* DATA TO EXAMINE *
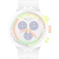 Pasek do zegarka Swatch jest wykonany z materiału silikonowo i jest zamocowany do zegarka za pomocą… stalowe sworznie. Ten pasek ma szerokość 19.7 mm i zamyka się za pomocą sprzączka. Ten pasek nie ma prostego mocowania, co oznacza, że pasuje wyłącznie do zegarków z poniższej listy.
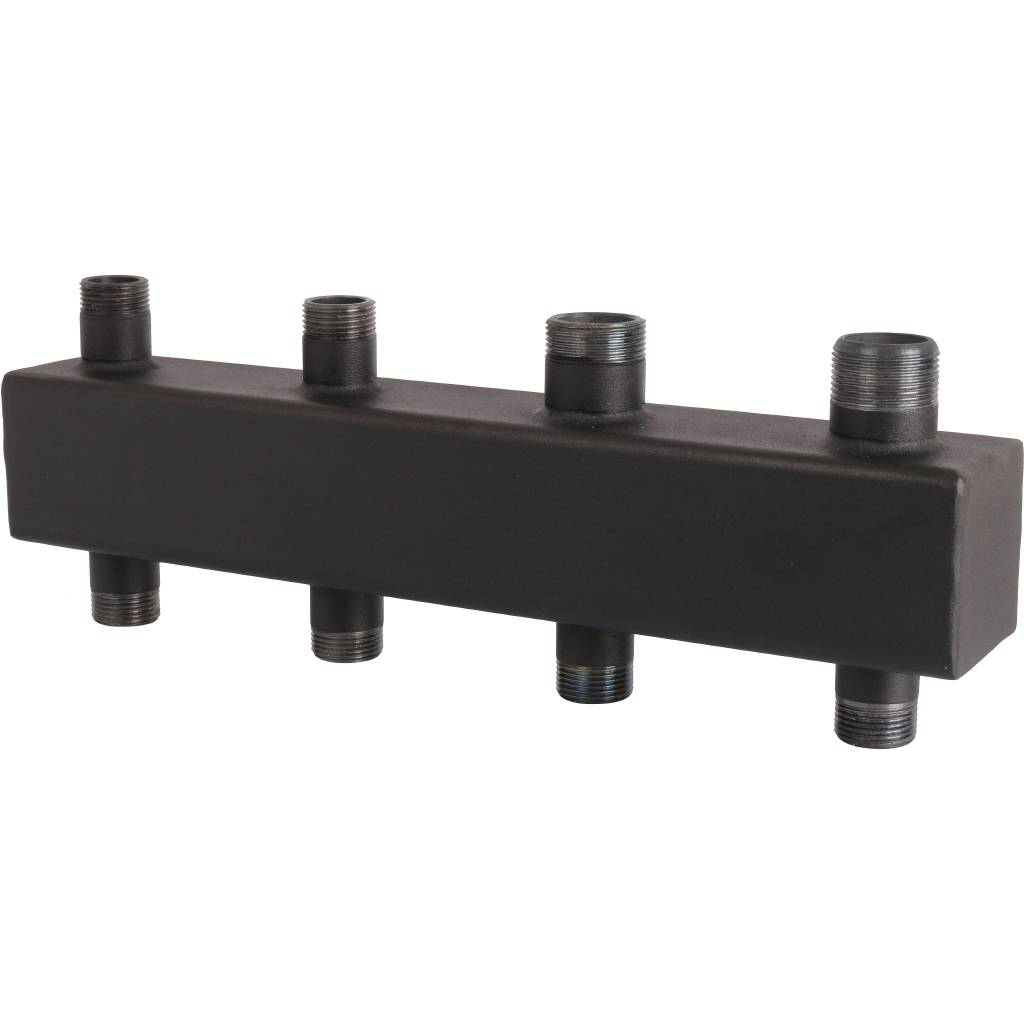Коллектор котельной разводки ROMMER - 1"1/4 НР на 2+1 контур 1" НР (до 80кВт, черная сталь)
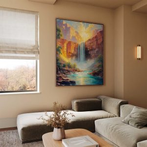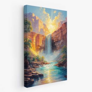 Zonnige waterval in bergen
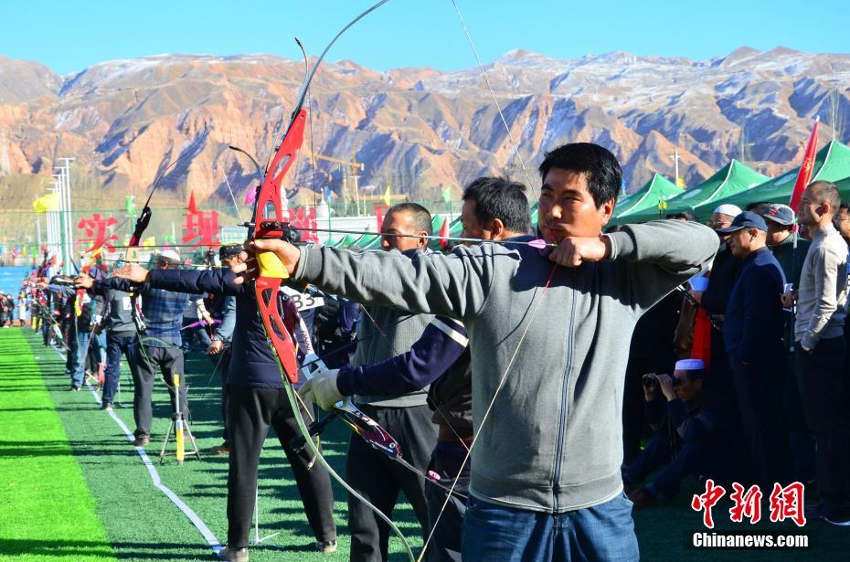 1月21日,在青海省海东市化隆回族自治县举办了2019年化隆县第九届迎新春射箭锦标赛,赛事吸引了各乡镇的119支代表队的1368名运动员前来参赛。中新社记者 鲁丹阳 摄
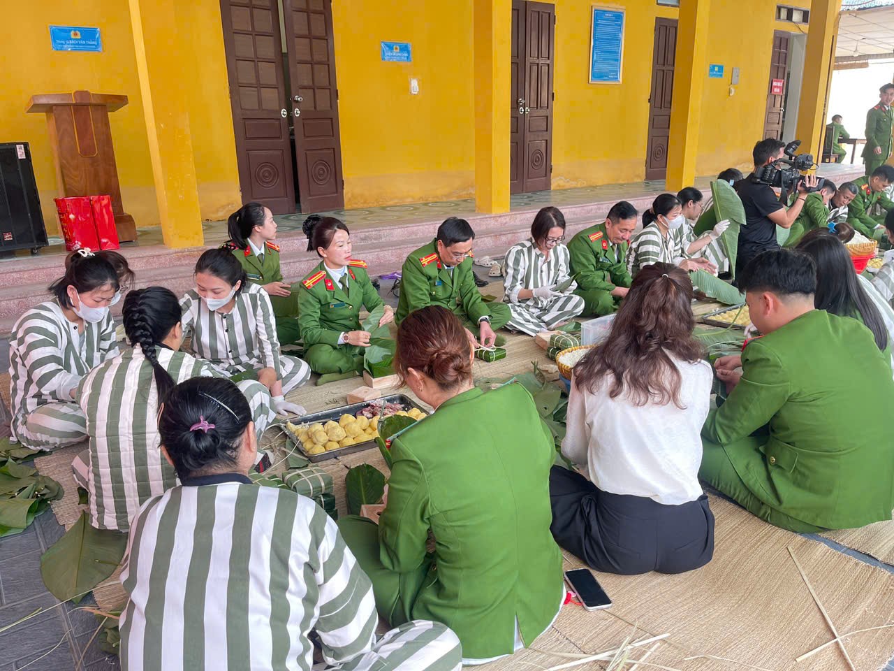 Điểm nhấn xúc động nhất có lẽ là hoạt động gói bánh chưng, bánh tét mang hương vị Tết cổ truyền của dân tộc đến với các phạm nhân, giúp họ khơi dậy sự hướng thiện và lòng trắc ẩn trong mỗi con người. Giữa sân trại, phạm nhân Phạm Văn T. (73 tuổi, quê ở xã Tây Đô, tỉnh Thanh Hóa) tỉ mỉ hướng dẫn những phạm nhân trẻ cách xếp lá, buộc lạt. Đôi bàn tay vốn chỉ quen với lao động nay khéo léo tạo hình từng chiếc bánh chưng xanh mướt.
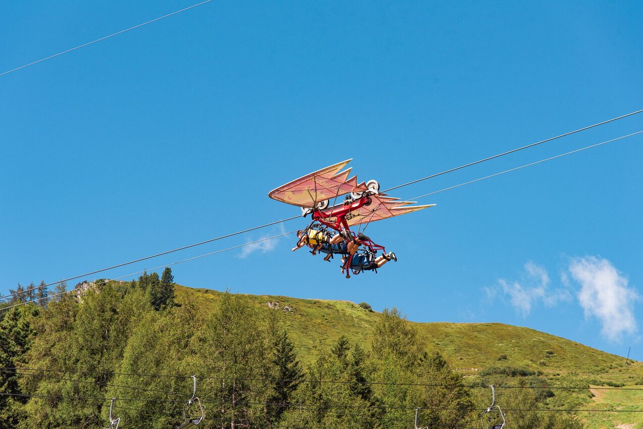 Der Sommer-Funpark Fiss an der Bergstation Möseralm bietet Spiel, Spaß und adrenalingelandene Action für die ganze Familie. Kleinkinder kommen in kleinen Karussells, auf Rutschen oder beim Buddeln und Matschen im Sand auf ihre Kosten. Die etwas Größeren können mit dem Fisser Flitzer über 2,2 km von der Möseralm zurück nach Fiss sausen (ab 7 Jahre bzw. 1,30 m Körpergröße alleine, darunter mit Begleitperson). Mit der SUPER. SOMMER. CARD. kannst du direkt nebenan wieder nach oben fahren und auf ein Neues starten. Wer noch ein wenig älter (und mutiger!) ist, darf im Fisser Flieger wie ein Adler durch die Berge schweben. 47 Meter über dem Boden saust du mit 80 Stundenkilometern über den Sommer-Funpark Fiss entlang (ab 10 Jahren / mind. 1,30 m Körpergröße) Und wem das immer noch nicht reicht, der kann in der Riesenschaukel Skyswing sogar schwerelos und mit Überschlag durch die Alpenwelt fliegen (ab 1,40 m Körpergröße). Der Besuch des Funparks ist kostenfrei, die genannten Attraktionen kosten jedoch Eintritt.
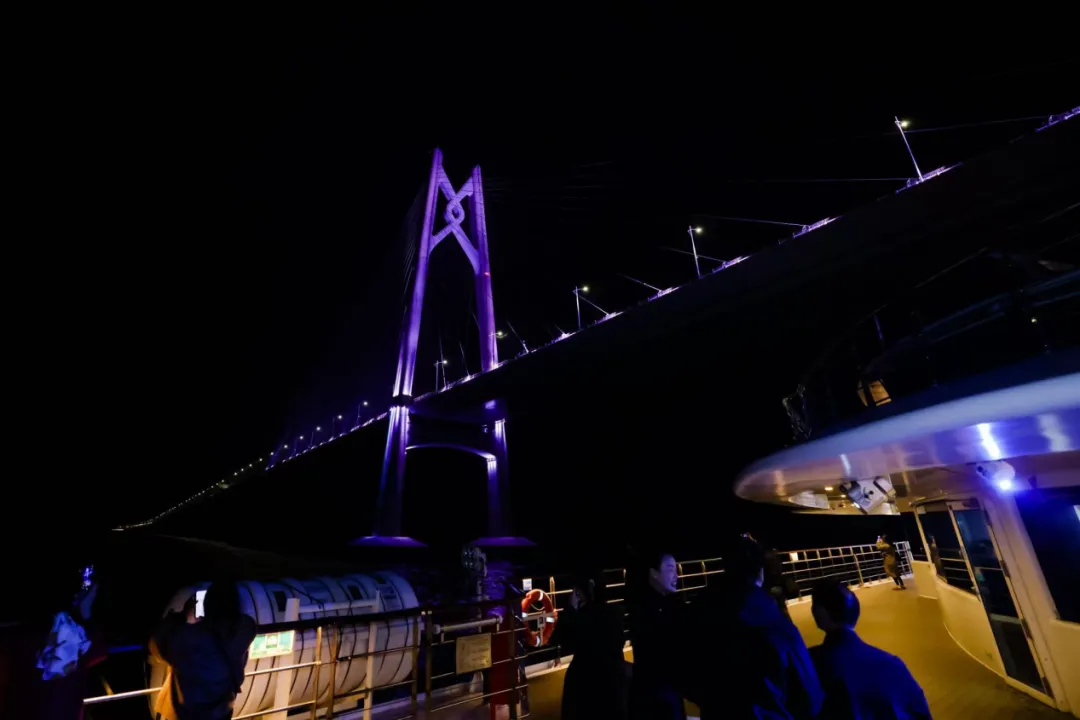 在晚上七点半左右,游轮缓缓驶向港珠澳大桥,从青州航道桥下驶过,穿桥而过,大家挥舞国旗来到游轮二楼甲板上,记录这一激动人心的瞬间。青州航道桥是港珠澳大桥最具特色的部分,巨型索塔矗立于海上,塔上端的造型是象征港珠澳三地紧密相连的“中国结”。

* TASK STATEMENT *
Once the pictures are set aside, transcribe the remaining lines above exactly.

* REPLY *
 Pasek do zegarka Swatch jest wykonany z materiału silikonowo i jest zamocowany do zegarka za pomocą… stalowe sworznie. Ten pasek ma szerokość 19.7 mm i zamyka się za pomocą sprzączka. Ten pasek nie ma prostego mocowania, co oznacza, że pasuje wyłącznie do zegarków z poniższej listy.
Коллектор котельной разводки ROMMER - 1"1/4 НР на 2+1 контур 1" НР (до 80кВт, черная сталь)
 Zonnige waterval in bergen
 1月21日,在青海省海东市化隆回族自治县举办了2019年化隆县第九届迎新春射箭锦标赛,赛事吸引了各乡镇的119支代表队的1368名运动员前来参赛。中新社记者 鲁丹阳 摄
 Điểm nhấn xúc động nhất có lẽ là hoạt động gói bánh chưng, bánh tét mang hương vị Tết cổ truyền của dân tộc đến với các phạm nhân, giúp họ khơi dậy sự hướng thiện và lòng trắc ẩn trong mỗi con người. Giữa sân trại, phạm nhân Phạm Văn T. (73 tuổi, quê ở xã Tây Đô, tỉnh Thanh Hóa) tỉ mỉ hướng dẫn những phạm nhân trẻ cách xếp lá, buộc lạt. Đôi bàn tay vốn chỉ quen với lao động nay khéo léo tạo hình từng chiếc bánh chưng xanh mướt.
 Der Sommer-Funpark Fiss an der Bergstation Möseralm bietet Spiel, Spaß und adrenalingelandene Action für die ganze Familie. Kleinkinder kommen in kleinen Karussells, auf Rutschen oder beim Buddeln und Matschen im Sand auf ihre Kosten. Die etwas Größeren können mit dem Fisser Flitzer über 2,2 km von der Möseralm zurück nach Fiss sausen (ab 7 Jahre bzw. 1,30 m Körpergröße alleine, darunter mit Begleitperson). Mit der SUPER. SOMMER. CARD. kannst du direkt nebenan wieder nach oben fahren und auf ein Neues starten. Wer noch ein wenig älter (und mutiger!) ist, darf im Fisser Flieger wie ein Adler durch die Berge schweben. 47 Meter über dem Boden saust du mit 80 Stundenkilometern über den Sommer-Funpark Fiss entlang (ab 10 Jahren / mind. 1,30 m Körpergröße) Und wem das immer noch nicht reicht, der kann in der Riesenschaukel Skyswing sogar schwerelos und mit Überschlag durch die Alpenwelt fliegen (ab 1,40 m Körpergröße). Der Besuch des Funparks ist kostenfrei, die genannten Attraktionen kosten jedoch Eintritt.
 在晚上七点半左右,游轮缓缓驶向港珠澳大桥,从青州航道桥下驶过,穿桥而过,大家挥舞国旗来到游轮二楼甲板上,记录这一激动人心的瞬间。青州航道桥是港珠澳大桥最具特色的部分,巨型索塔矗立于海上,塔上端的造型是象征港珠澳三地紧密相连的“中国结”。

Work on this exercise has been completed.